Thursday, 27 February 2014

The Invention of Wings by Sue Monk Kidd

“The Invention of Wings” is set between 1811 and 1838 and tells the tale of slavery in the South of America from two viewpoints, that of the slave, and that of a white girl from a slave-holding family, a girl who sees the cruelty endured by the slaves for what it is but, because of society, feels “alone in the world with my alien ideas.” 

That girl is Sarah Grimke, a famous abolitionist who can be read about on Wikipedia. This work of fiction starts with her being 11 and offered a slave called Handful. She refuses the gift. This, as the blurb says, is where the trouble begins.

From there Sarah realises that she too is enslaved in certain things – “at the age of eleven I owned a slave I couldn’t free.” She is also prevented from being who she wants to be because she is a woman. “If Sarah were a boy, she would be the greatest jurist in South Carolina!” her father says. But “for a woman to aspire to be a lawyer – well, possibly, the world would end.” And her slave Handful summed it up best of all by saying “my body might be slave, but not my mind, for you, it’s the other way round.”

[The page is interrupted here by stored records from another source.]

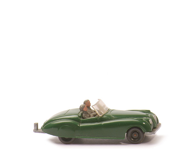 | Windschutzscheibe | gerundet, Spritzteil | | Farbe Karosserie | laubgrün | | Grill | 4 Streben (Grill grob) | | Trittbretter | mit | | hintere Stoßstange | Teil der Karosserie | | Lenkrad | separat eingesetzt, 3-speichig | | Figuren Farbe | ca. basaltgrau | | Bemalung Figuren | Gesichter | | Chassisfarbe | silbern | | Achshalterung | offen | | Bodenprägung | Jaguar-Sport, WIKING Germany, 2 | | Schlepploch | ohne | | Zughaken | integriert, dreieckig, geschlossen | | Bemalung vorn | Scheinwerfer silbern | | Bemalung hinten | ohne | | Räder Farbe | anthrazit | | Räder Typ | Profil, 8 mm |
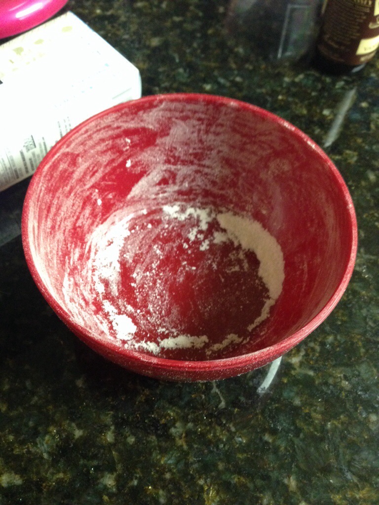 Now sugar cookies should stay in the fridge for at least 8 hrs. I was impatient and the batter tasted delicious. So they only stayed int the fridge for an hour. So you’re going to want to flour a bowl and add the mix in. It will be sticky, so flour generously. If you’re concerned about ruining flavor you can also make a flour/powdered sugar combo and use that.
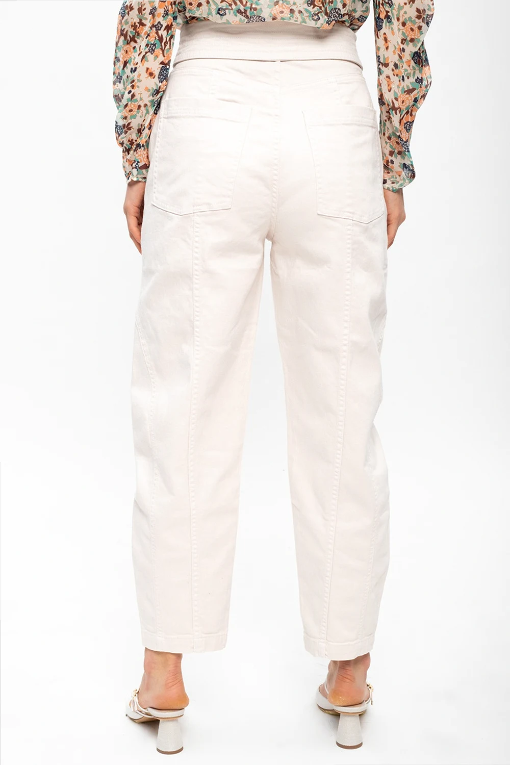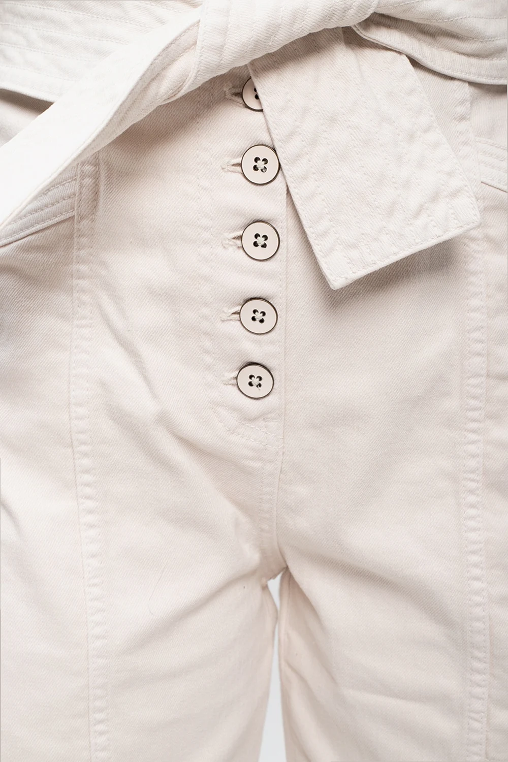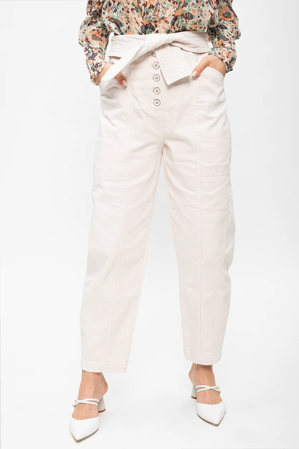 Białe, sztruksowe spodnie, model ‘Otto’ Ulla Johnson. Wykonane z bawełny. Zapinane na guziki oraz wiązane w talii. Cztery wsuwane kieszenie: dwie z przodu oraz dwie z tyłu. Zwężane nogawki.
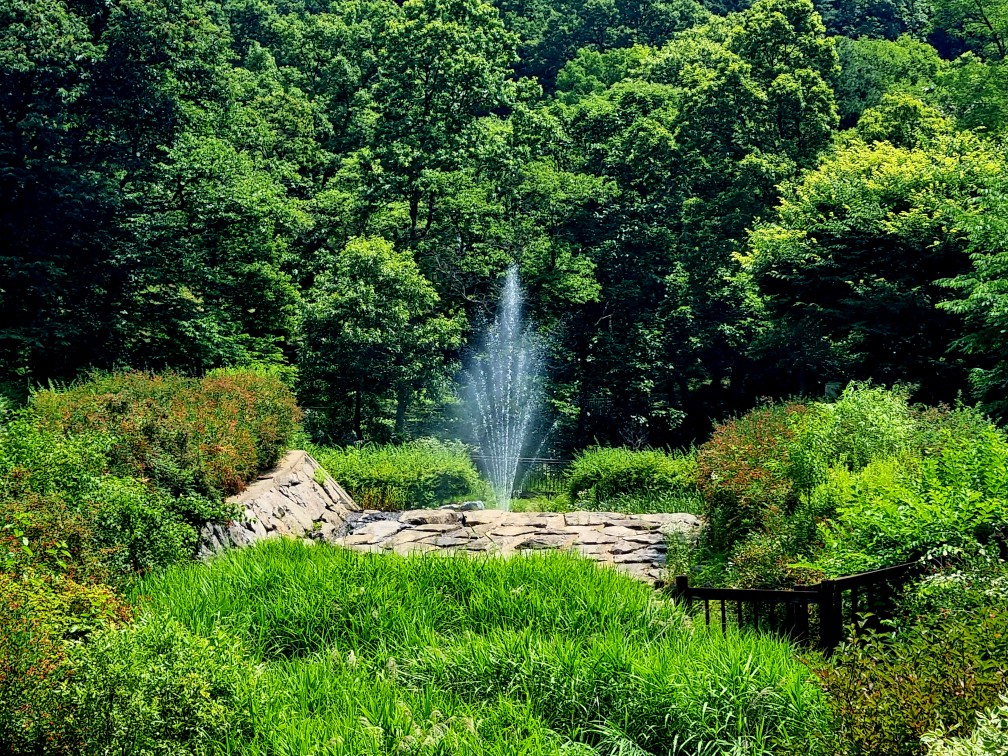 수목원의 관람로를 따라 안쪽으로 더 들어왔더니 사방댐쪽에 분수가 보였습니다.
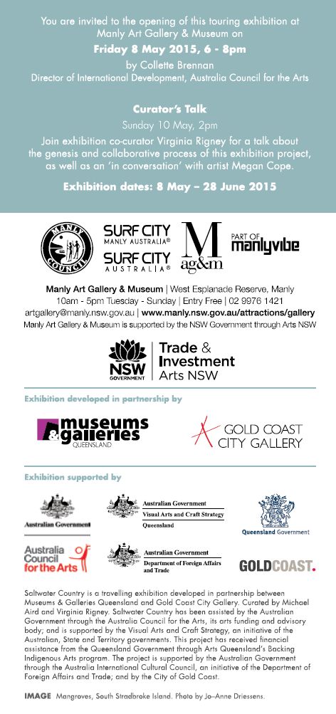 Saltwater Country will be officially opened on Friday 8 May 2015, 6 - 8pm at Manly Art Gallery & Museum by Collette Brennan, Director of International Development, Australia Council for the Arts.
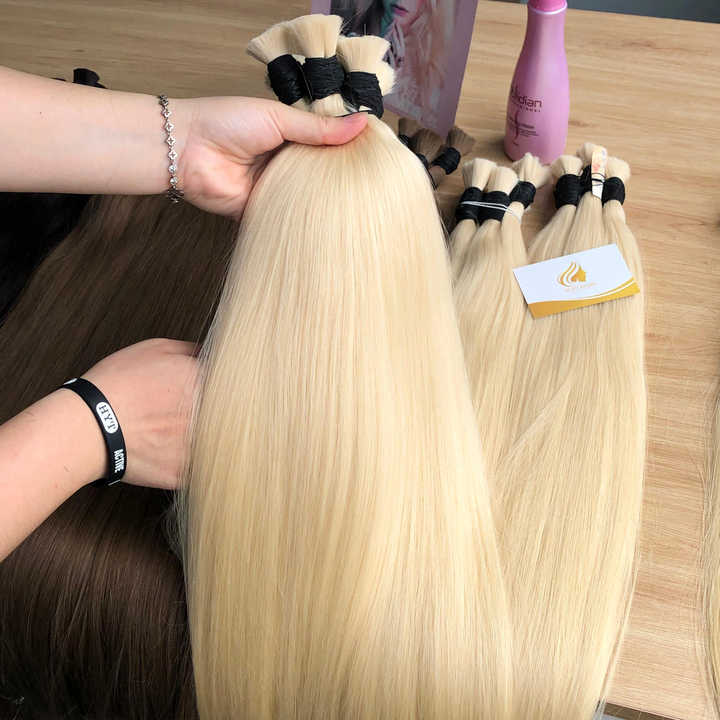ต่อผมแท้เวียดนาม 100% เส้นเดียวจากผู้บริจาคเดียว แบบ Remy ผมเวอร์จิ้นแบบ Double Drawn สีบลอนด์ตรงสลวยเป็นลอนคุณภาพสูง
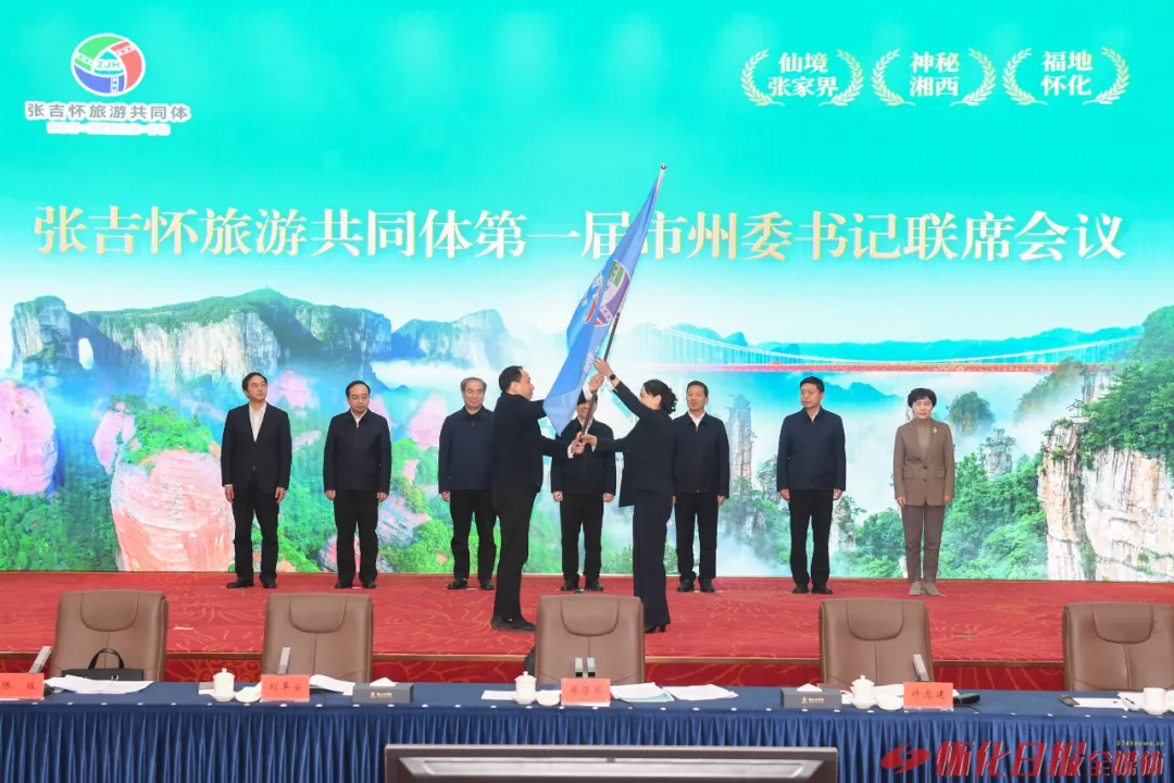 現(xiàn)場,懷化市接過張吉懷旅游共同體會旗,成為新一屆輪值主席單位,未來將以張家界、湘西自治州、懷化的順序每年輪值。

So Sarah goes through her life with her alien ideas, which she also influences upon her younger sister and goddaughter Nina Grimke. Eventually she comes upon her purpose in life, “we can’t accept slavery, it must end. That’s what I was born for.” This is where she, with the help of Nina, discovers her wings – “I saw how cunning the Fates had been. Nina was one wing, I was the other.” Meanwhile Handful’s wings are still clipped. With the slaves having failed in a revolt she is still enslaved back in Charleston at the Grimke’s home.  

Sarah and Nina then become famous, or infamous, speakers across the North of America on issues around abolition and women’s rights which leads to them getting ostracised. They “could no longer set foot in Charleston without fear of imprisonment.”

And onto the ending which sees Handful no longer being able to face being a slave for the rest of her days and so planning to make an audacious and dangerous escape with her sister Sky - “We gonna leave here or die trying” – as they  want to finally discover their wings.

Overall this is a good work of fiction bringing slavery to life. The voices are good too as Handful sounds like how you’d imagine a slave to sound, and Sarah more the “daughter of Judge John Grimke – a Southern patriot, a slaveholder, an aristocrat” although without the pro-slavery elements of course. In the author’s note at the end the author says she was inspired by the words of Professor Julian Lester, “History is not just facts and events. History is also a pain in the heart and we repeat history until we are able to make another’s pain in the heart our own.” And that is what this book does.